В своих историях о сплетающемся в сеть зле Готхельф противоречит идеалистическому представлению, согласно которому зло всегда ограничено отдельным человеком, который думает, принимает решение и действует. Готхельф, правда, показывает подобные случаи — и как показывает! — однако наряду с этим разворачивает перед нами жуткую картину демократизации зла: ко злу так или иначе оказываются причастны все; нет единственного виновного; каждый может сказать, что он этого не хотел, был только наблюдателем, что сам он хотя и не протестовал против зла, но ведь ему и повод такой не представился; что в любом случае возражение не помогло бы, его бы лишь неправильно истолковали. Таким образом, вина — даже за наихудшее преступление — распределяется, подобно флюиду, по всей общине, и не существует судьи, который бы ее измерил. Ведь даже закон признает преступниками только отдельных индивидов.

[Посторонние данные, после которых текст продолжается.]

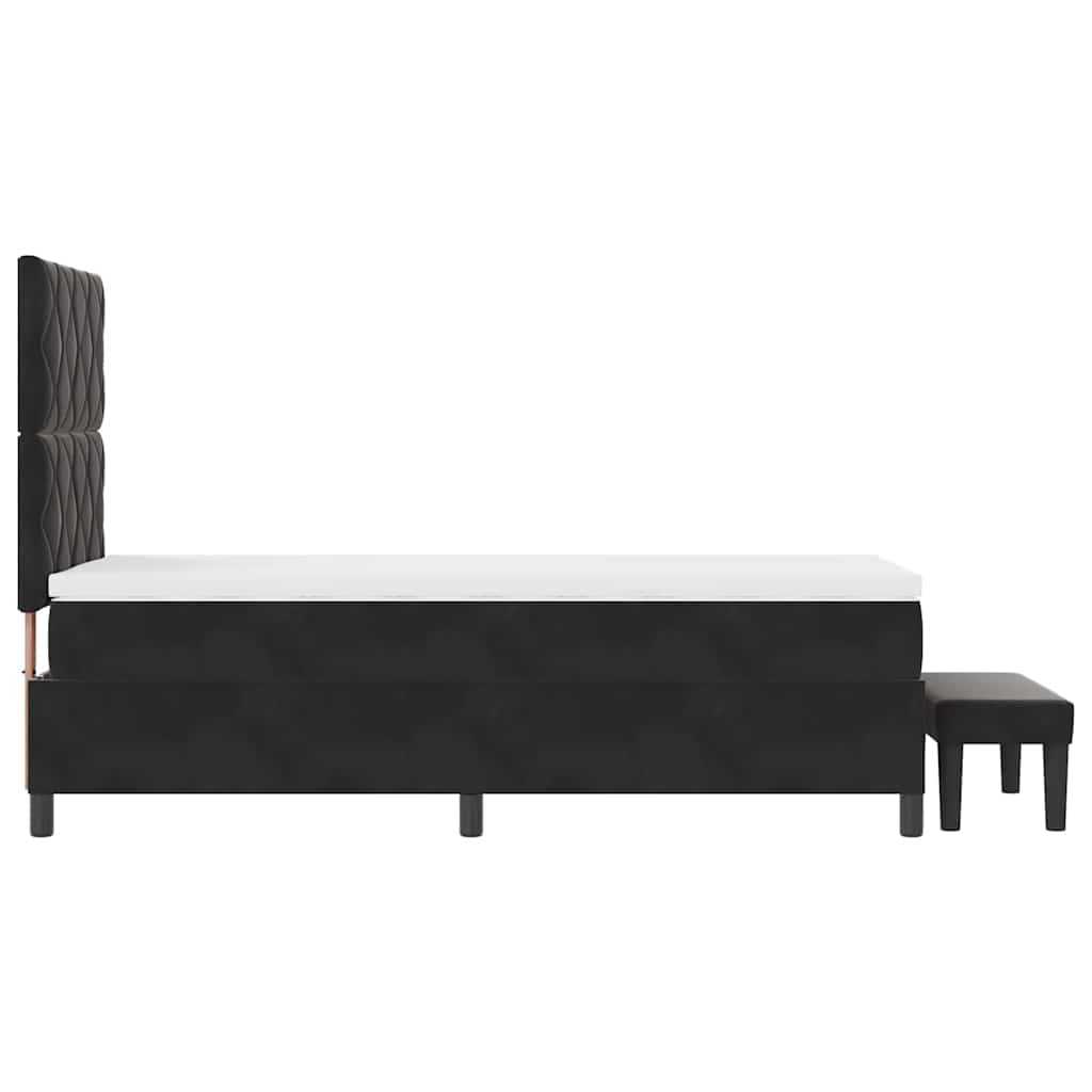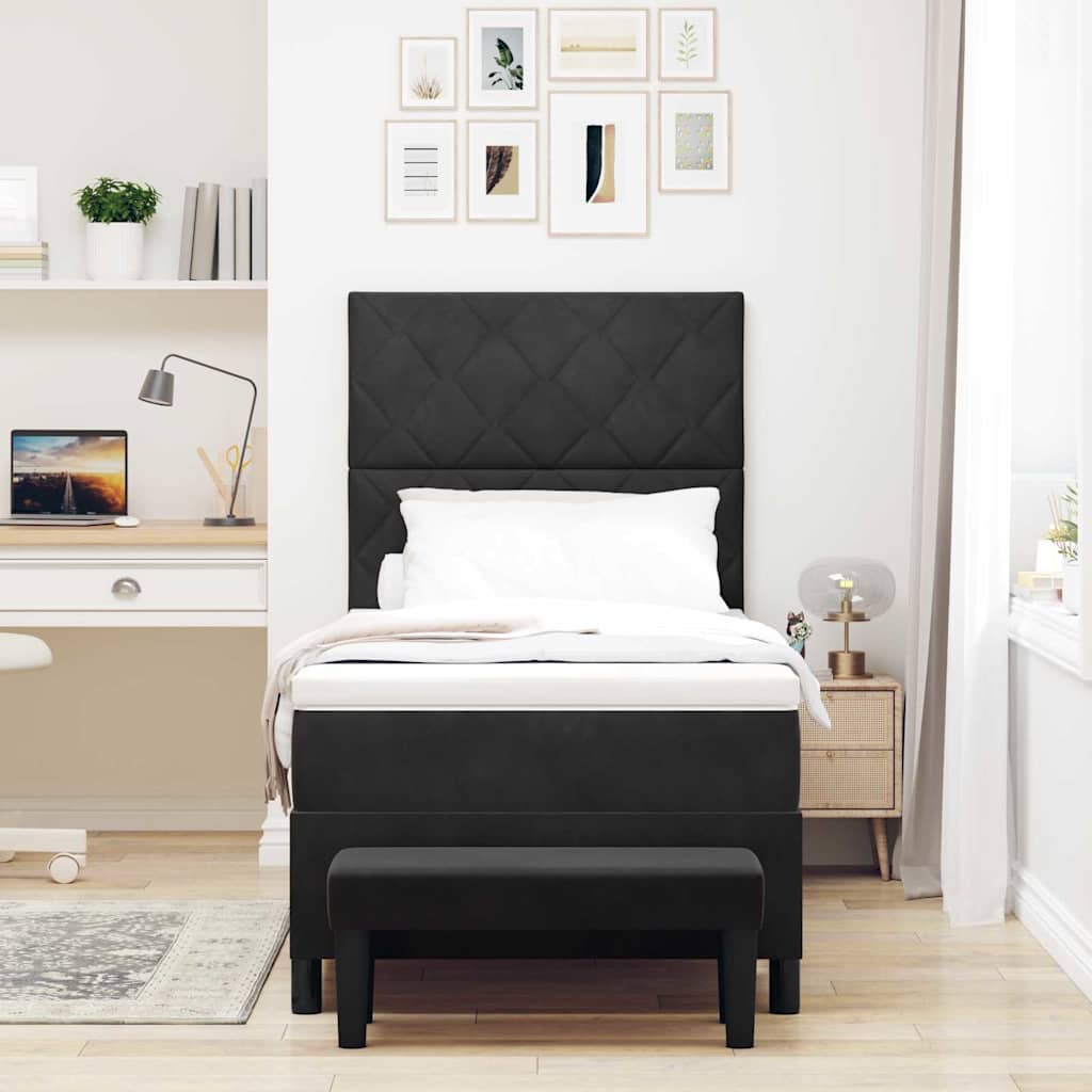 Dieses coole Boxspringbett ist die beste Schlaflösung für Erwachsene, die Komfort und Style wollen. Mit seiner schlichten schwarzen Samtpolsterung strahlt es moderne Eleganz aus und ist der perfekte Ort zum Chillen und für einen erholsamen Schlaf. Ästhetische Anziehungskraft: Die Kombination aus schwarzem Samt und Diamantblockdesign gibt jeder Deko einen modernen Akzent. Unterstützender Komfort: Die Schaumstoffmatratze und der Topper sorgen für einen bequemen und unterstützenden Schlaf, wodurch du schnell zur Ruhe kommen kannst. Praktisches Design: Die passende Bank sieht nicht nur toll aus; sie bietet auch Platz zum Sitzen oder um deine Klamotten abzulegen. Easy Montage: Wurde für einen einfachen Aufbau entworfen ? zwei Leute und einfache Werkzeuge genügen, um dir die Sache einfach zu machen. Platzsparend: Die kompakte Größe von 100 x 200 cm ist perfekt für die Einzelbenutzung oder um Gäste unterzubringen.

Когда у Готхельфа речь заходит о сети зла, он показывает ее формирование — как процесс, которому почти невозможно противостоять. Люди с несказанной легкостью совершают постыдные поступки, если знают, что не они одни виноваты, что они не являются преступниками в общепринятом смысле, что другие ведут себя точно так же. Самый знаменитый пример изображения такого процесса — новелла «Черный паук». Однако живописно-парадигматический характер этого сказания о чуме (сто лет спустя Дюрренматт обыграет тот же сюжет в «Визите старой дамы») не должен заслонять для нас многие другие главы в разных сочинениях Готхельфа, где без иллюзий, с шопенгауэровским пессимизмом и ницшеанской остротой анализа, показывается, как люди — все вместе, с соседским взаимопониманием и не испытывая чувства вины, — порой совершают самые утонченные подлости.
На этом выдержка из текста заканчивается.